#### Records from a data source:
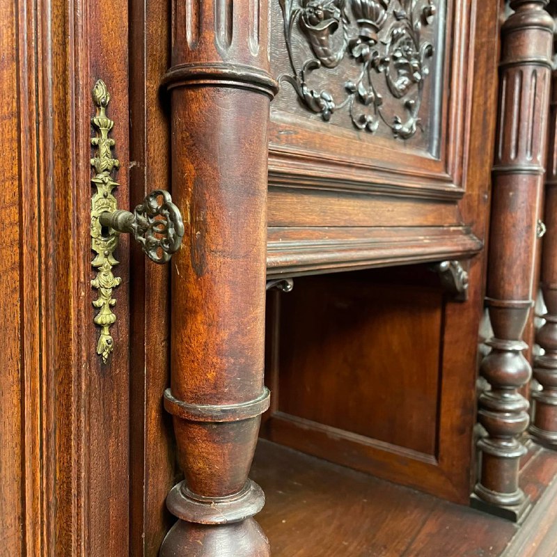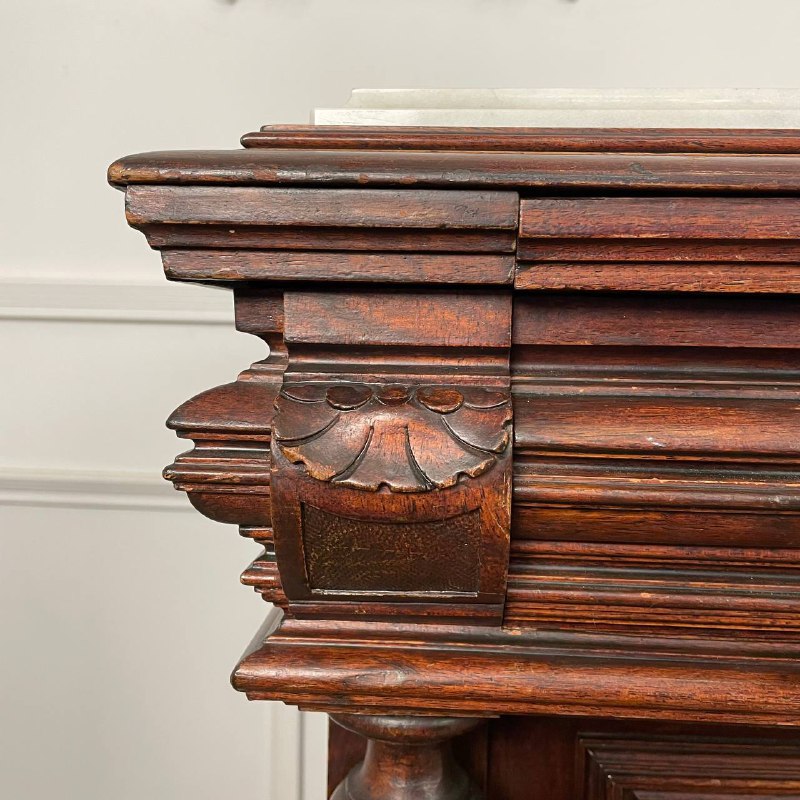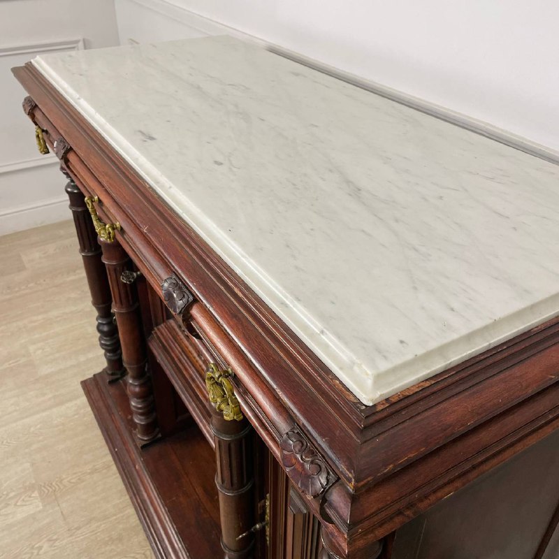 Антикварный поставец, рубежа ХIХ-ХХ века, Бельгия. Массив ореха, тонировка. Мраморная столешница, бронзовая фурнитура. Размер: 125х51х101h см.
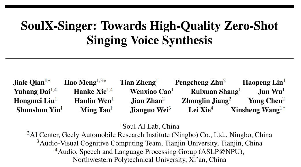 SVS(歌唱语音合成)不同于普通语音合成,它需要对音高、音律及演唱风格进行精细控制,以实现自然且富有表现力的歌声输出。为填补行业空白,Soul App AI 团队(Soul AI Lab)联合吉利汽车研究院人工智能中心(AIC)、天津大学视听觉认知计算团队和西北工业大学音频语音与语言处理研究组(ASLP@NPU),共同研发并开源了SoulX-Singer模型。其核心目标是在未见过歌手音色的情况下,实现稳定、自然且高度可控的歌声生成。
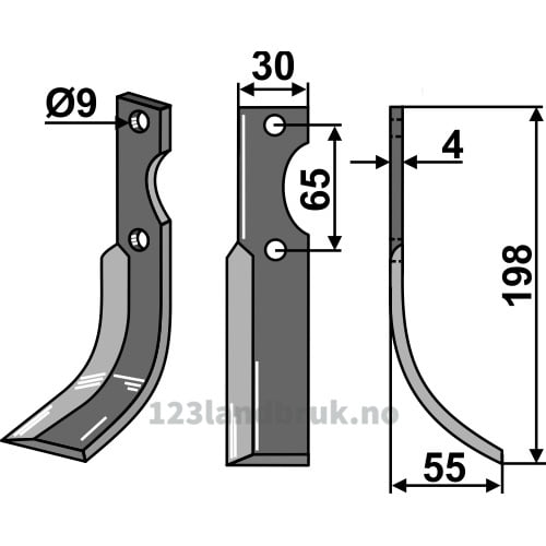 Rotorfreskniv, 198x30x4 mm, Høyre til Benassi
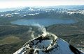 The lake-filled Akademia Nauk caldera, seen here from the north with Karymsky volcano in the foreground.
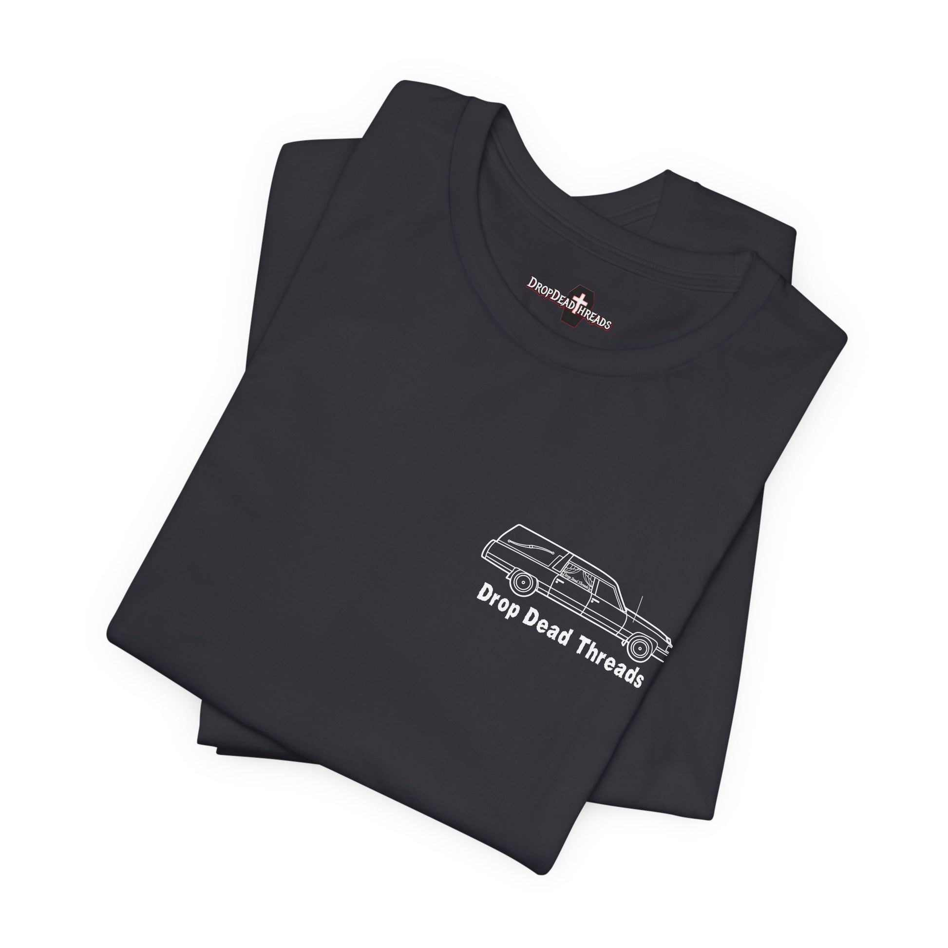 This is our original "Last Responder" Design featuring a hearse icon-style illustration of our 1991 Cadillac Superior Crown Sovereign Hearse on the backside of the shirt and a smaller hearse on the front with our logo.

---

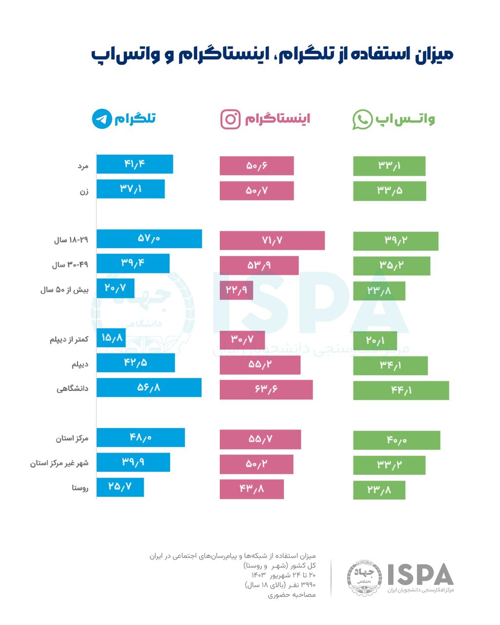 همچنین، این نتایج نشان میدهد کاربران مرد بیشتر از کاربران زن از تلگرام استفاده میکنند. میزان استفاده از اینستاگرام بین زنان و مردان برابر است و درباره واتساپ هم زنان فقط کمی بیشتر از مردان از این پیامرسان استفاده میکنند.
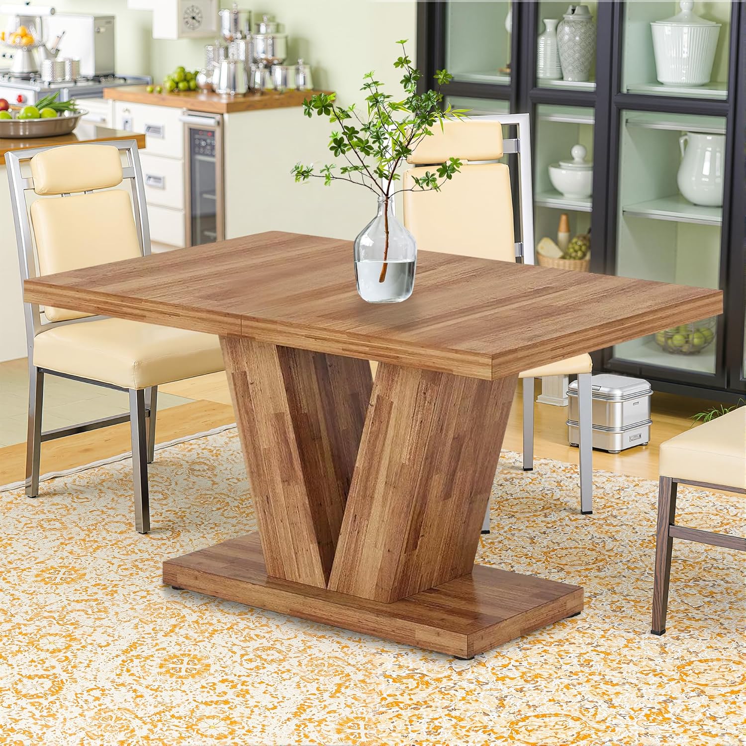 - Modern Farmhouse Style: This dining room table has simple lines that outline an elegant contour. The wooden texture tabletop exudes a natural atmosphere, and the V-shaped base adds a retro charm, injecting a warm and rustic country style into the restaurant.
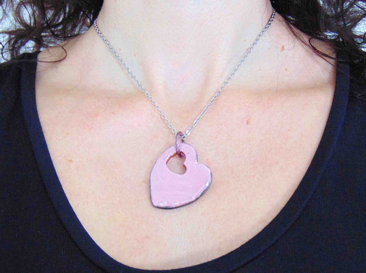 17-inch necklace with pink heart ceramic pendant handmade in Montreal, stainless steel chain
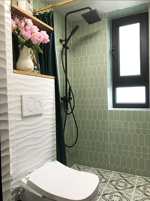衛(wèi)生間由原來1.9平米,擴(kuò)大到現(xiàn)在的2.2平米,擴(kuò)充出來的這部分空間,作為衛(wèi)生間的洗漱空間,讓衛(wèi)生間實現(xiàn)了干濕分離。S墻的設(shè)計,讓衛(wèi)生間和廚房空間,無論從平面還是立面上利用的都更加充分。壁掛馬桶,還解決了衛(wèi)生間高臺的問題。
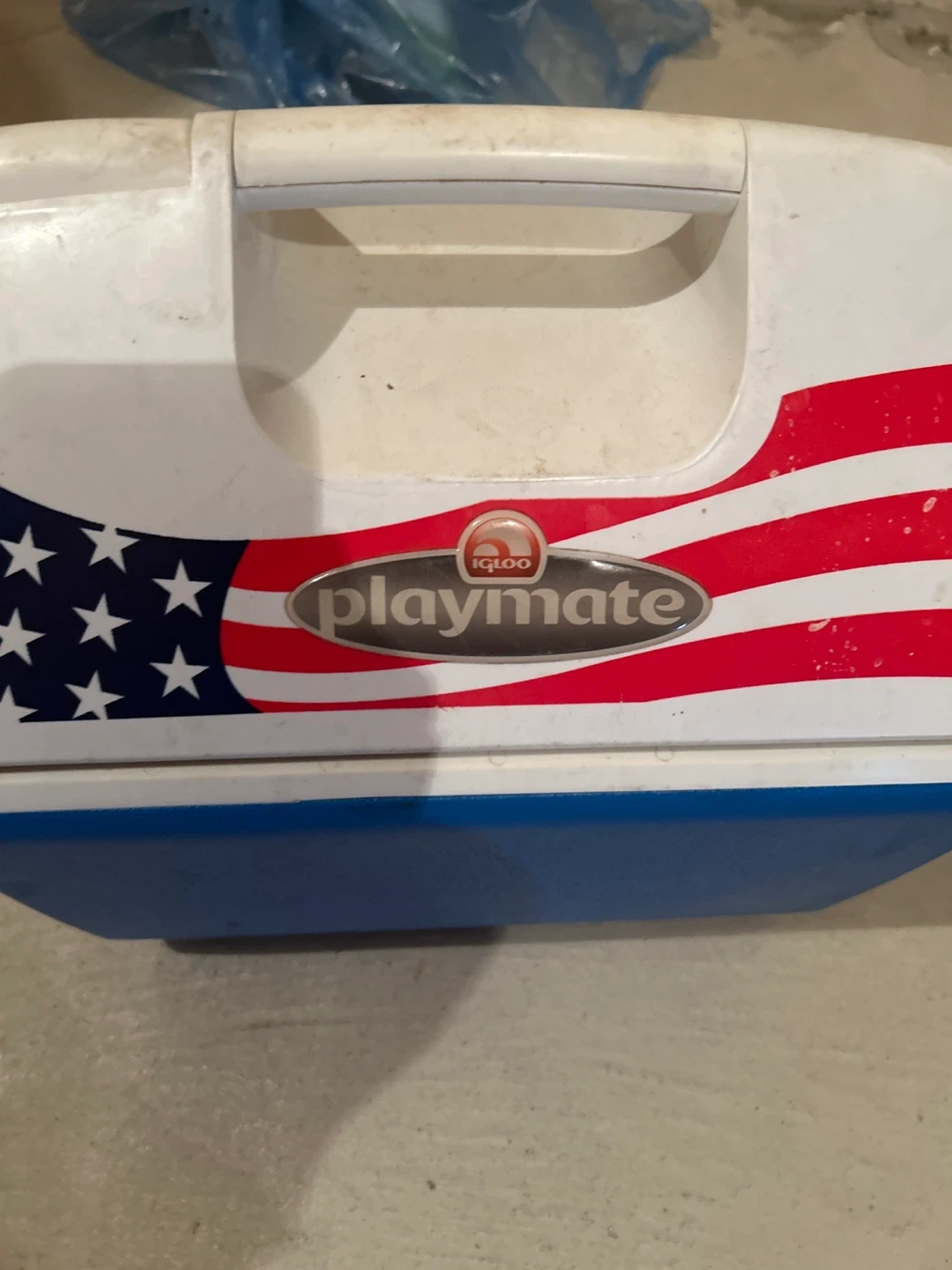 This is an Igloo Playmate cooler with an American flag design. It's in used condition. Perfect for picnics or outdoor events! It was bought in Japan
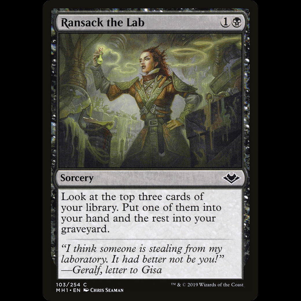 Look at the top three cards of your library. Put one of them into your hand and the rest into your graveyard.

#### Instructions to follow:
Would you copy the lines above exactly, starting with the one that has "衛(wèi)生間由原來1.9" and ending with the one that has "Look at the", both included, without the pictures?

#### Result for this exercise:
衛(wèi)生間由原來1.9平米,擴(kuò)大到現(xiàn)在的2.2平米,擴(kuò)充出來的這部分空間,作為衛(wèi)生間的洗漱空間,讓衛(wèi)生間實現(xiàn)了干濕分離。S墻的設(shè)計,讓衛(wèi)生間和廚房空間,無論從平面還是立面上利用的都更加充分。壁掛馬桶,還解決了衛(wèi)生間高臺的問題。
 This is an Igloo Playmate cooler with an American flag design. It's in used condition. Perfect for picnics or outdoor events! It was bought in Japan
 Look at the top three cards of your library. Put one of them into your hand and the rest into your graveyard.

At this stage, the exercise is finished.